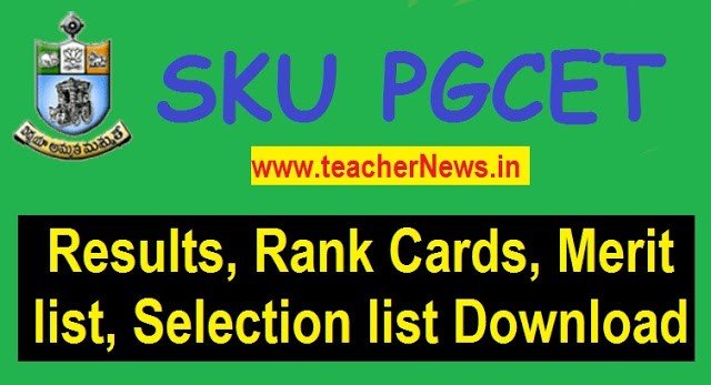 SK University PGCET Results, Rank Card, Merit list and Selection list
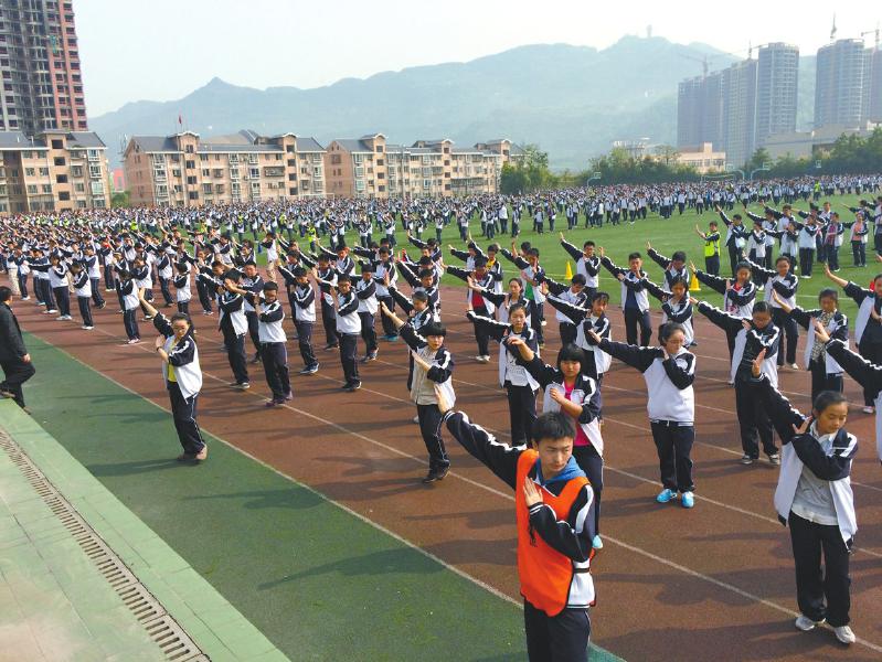 “你是我的小呀小苹果,怎么爱你都不嫌多……”昨日,达州市第一中学组织了“百名网友进一中”活动,来自达州本土的百余名网友齐齐走进达一中校园参观交流。在体育大课间活动中,学生们颠覆了以往的广播体操,转而跳起了火爆网络的《小苹果》。
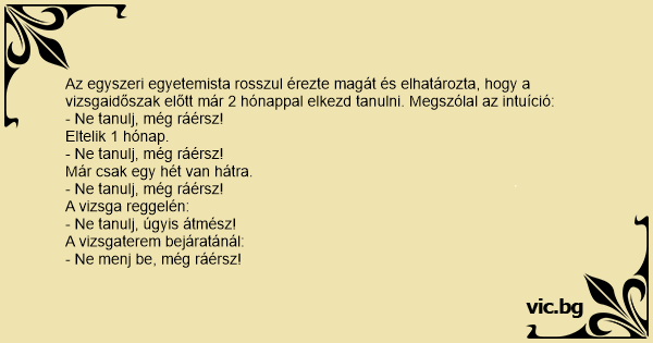 Az egyszeri egyetemista rosszul érezte magát és elhatározta, hogy a vizsgaidőszak előtt már 2 hónappal elkezd tanulni. Megszólal az intuíció:
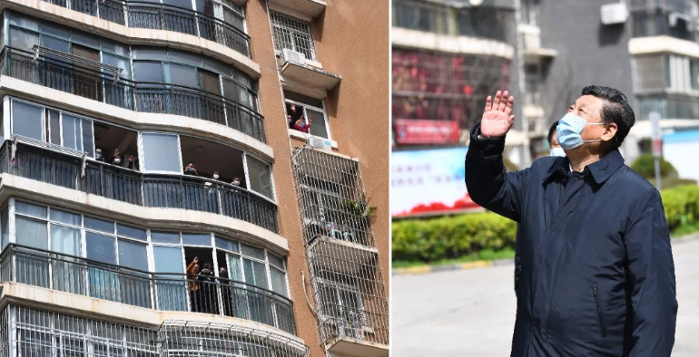 這是習(xí)近平在東湖新城社區(qū)考察時(shí),向在家隔離居住的居民揮手致意、表示慰問(wèn)。
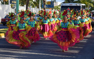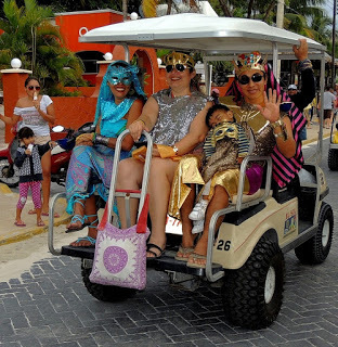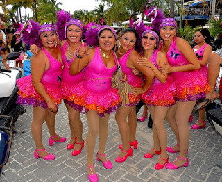 The senior Isla women's group. There’s loud music, and outrageously flamboyant costumes, and laughter for five days.At four in the afternoon on Sunday, the dance groups were scheduled to assemble on the old airport runway across from the Navy base in preparation for the first parade. Of course this being Mexico where everything starts at least two hours later than planned, there were only two groups who were on time – one being a collection of my friends who decided to debut as dancers this year.
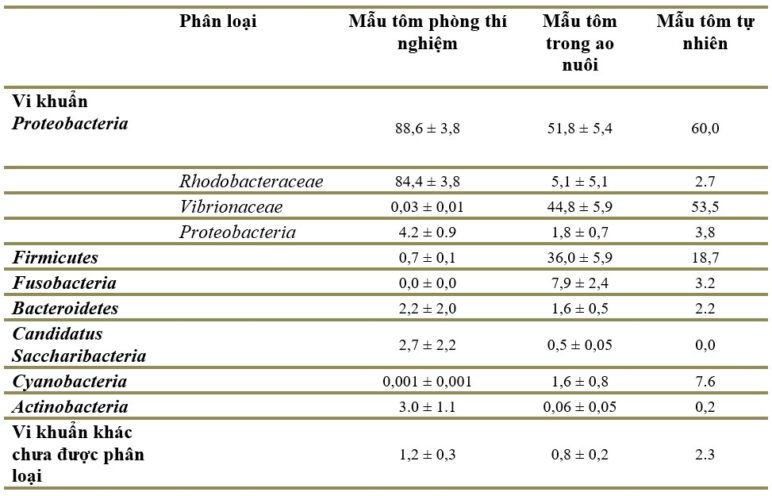 Qua 699.259 lượt đọc và phân tích kết quả thí nghiệm các mẫu ruột tôm ở 3 môi trường sống cho thấy sự khác biệt lớn về số lượng vi sinh vật ở 3 môi trường. Trong đó chủng vi khuẩn được nuôi trong phòng thí nghiệm chiếm ưu thế hơn các môi trường còn lại như Proteobacteria, Bacteroidetes, Saccharibacteria và vi khuẩn Actinobacteria. Nhưng riêng vi khuẩn Vibrionaceae, Firmicutes, Fusobacteria và khuẩn lam được tìm thấy nhiều nhất ở mẫu tôm ao nuôi.

WHAT YOU ARE ASKED TO DO = The records above need to be reproduced exactly, with all images omitted.

EXPECTED OUTPUT =
 SK University PGCET Results, Rank Card, Merit list and Selection list
 “你是我的小呀小苹果,怎么爱你都不嫌多……”昨日,达州市第一中学组织了“百名网友进一中”活动,来自达州本土的百余名网友齐齐走进达一中校园参观交流。在体育大课间活动中,学生们颠覆了以往的广播体操,转而跳起了火爆网络的《小苹果》。
 Az egyszeri egyetemista rosszul érezte magát és elhatározta, hogy a vizsgaidőszak előtt már 2 hónappal elkezd tanulni. Megszólal az intuíció:
 這是習(xí)近平在東湖新城社區(qū)考察時(shí),向在家隔離居住的居民揮手致意、表示慰問(wèn)。
 The senior Isla women's group. There’s loud music, and outrageously flamboyant costumes, and laughter for five days.At four in the afternoon on Sunday, the dance groups were scheduled to assemble on the old airport runway across from the Navy base in preparation for the first parade. Of course this being Mexico where everything starts at least two hours later than planned, there were only two groups who were on time – one being a collection of my friends who decided to debut as dancers this year.
 Qua 699.259 lượt đọc và phân tích kết quả thí nghiệm các mẫu ruột tôm ở 3 môi trường sống cho thấy sự khác biệt lớn về số lượng vi sinh vật ở 3 môi trường. Trong đó chủng vi khuẩn được nuôi trong phòng thí nghiệm chiếm ưu thế hơn các môi trường còn lại như Proteobacteria, Bacteroidetes, Saccharibacteria và vi khuẩn Actinobacteria. Nhưng riêng vi khuẩn Vibrionaceae, Firmicutes, Fusobacteria và khuẩn lam được tìm thấy nhiều nhất ở mẫu tôm ao nuôi.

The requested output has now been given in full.